Rising costs of travel to the UK makes Ancestry.com look like a bargain

Seven years ago my wife and I travelled from South Africa to the UK for a holiday. It was the first time I had visited the UK for nearly 40 years, and it was only after I had been there the first time that I had become interested in family history, and discovered where many of my ancestors had lived. We hired a car and drove around for three weeks, visiting living relatives and some old friends, and visiting places where our dead ancestors had lived. You can see some of the places we visited here.

We have thought of doing the same thing once more before we die, but rising costs make it seem impossible. Seven years ago, the cost of a subscription to Ancestry.com looked exorbitant. Now a single visa to visit the UK costs more -- before thinking of paying plane fares, airport taxes and all the rest. In 2005 we did not need visas at all.

Permira to Buy Ancestry.com for $1.6 Billion - NYTimes.com:
A consortium led by the European private equity firm Permira has agreed to buy Ancestry.com for around $1.6 billion. Under the terms of the deal, Permira and its partners will pay $32 a share for Ancestry.com, a genealogy Web site. The agreement represents a 40 percent premium to the company’s closing share price in June, when the potential acquisition was first reported. Permira, which will retain majority control, is partnering with Spectrum Equity, a venture capital firm and an early backer of Ancestry.com, and several of the European private equity firm’s direct investors.

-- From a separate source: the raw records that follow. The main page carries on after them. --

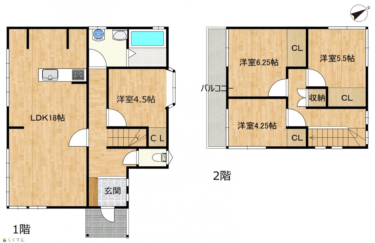 4LDK (洋室:6.2、5.5、4.5、4.2) LDK18 |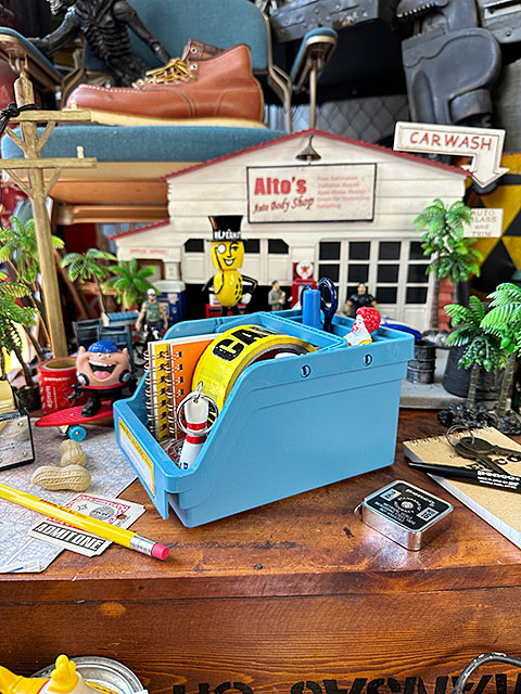 そんな事情をよーく汲んで、雰囲気は海外のパイルアップキャディのまま、サイズはコンパクトで文具や小物を収納するのに最適な大きさにアレンジしてくれたってヤツなんです。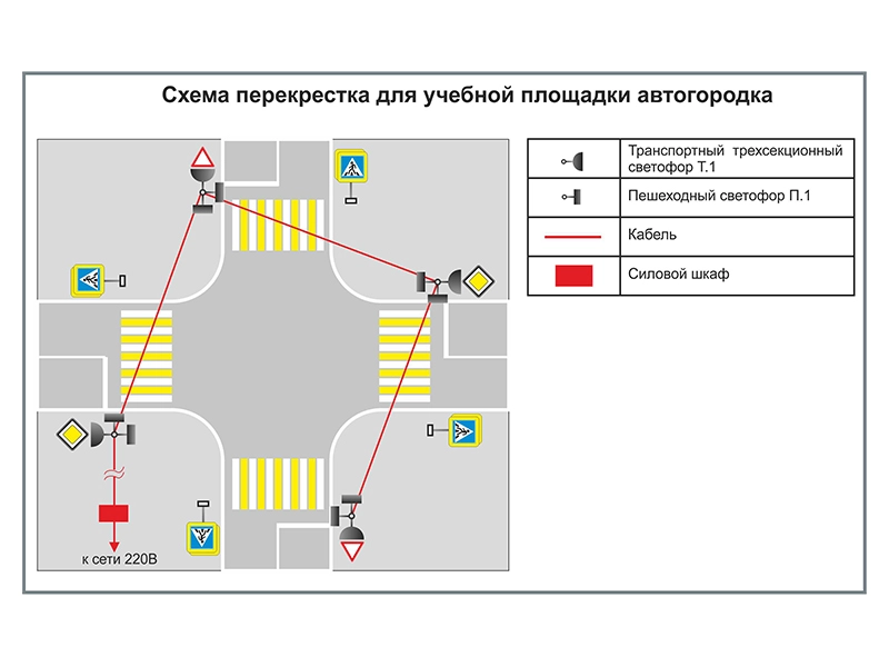 Учебные площадки со стационарным оборудованием предназначены для обучения учащихся дошкольных и школьных общеобразовательных учреждений навыкам безопасного поведения на дорогах, с использованием методических рекомендаций по изучению правил дорожного движения. Учебная площадка располагается на асфальтированной поверхности площадью от 100 м2 и оборудуется электрифицированными светофорами. Возможна установка нескольких учебных площадок (перекрестков) на одной территории с их объединением в общую дорожную инфраструктуру. Оборудование учебной площадки (светофоры, дорожные знаки) устанавливается на бетонированные фундаменты, а электропитание светофоров осуществляется от стационарного источника.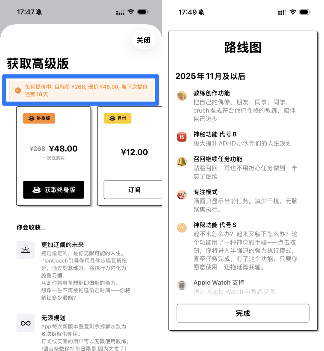 App 能免费拆解任务 6 次,每次更新版本后会重置。Pro 版本买断价是 48 块,月付 12 块,季付 22 块。

The Web site’s management also will invest in the deal.

But if the recession has affected the cost of travel, it has also affected Ancestry.com, because further on in the article we read:

After hitting a $45 high in 2011, its stock price has tumbled to around $29 on concerns that consumers are reducing their spending because of the economic crisis.

The company was started in the 1990s, and has remained profitable despite concerns about the revenue growth of other Internet businesses. Last year, Ancestry.com’s net profit roughly doubled, to $62.9 million, on revenue of $400 million. It has more than two million subscribers who pay up to $34.95 a month to use the service.

But, recession or no recession, that still looks like a very healthy profit margin to me.

I wonder how much the UK government is making on its visas.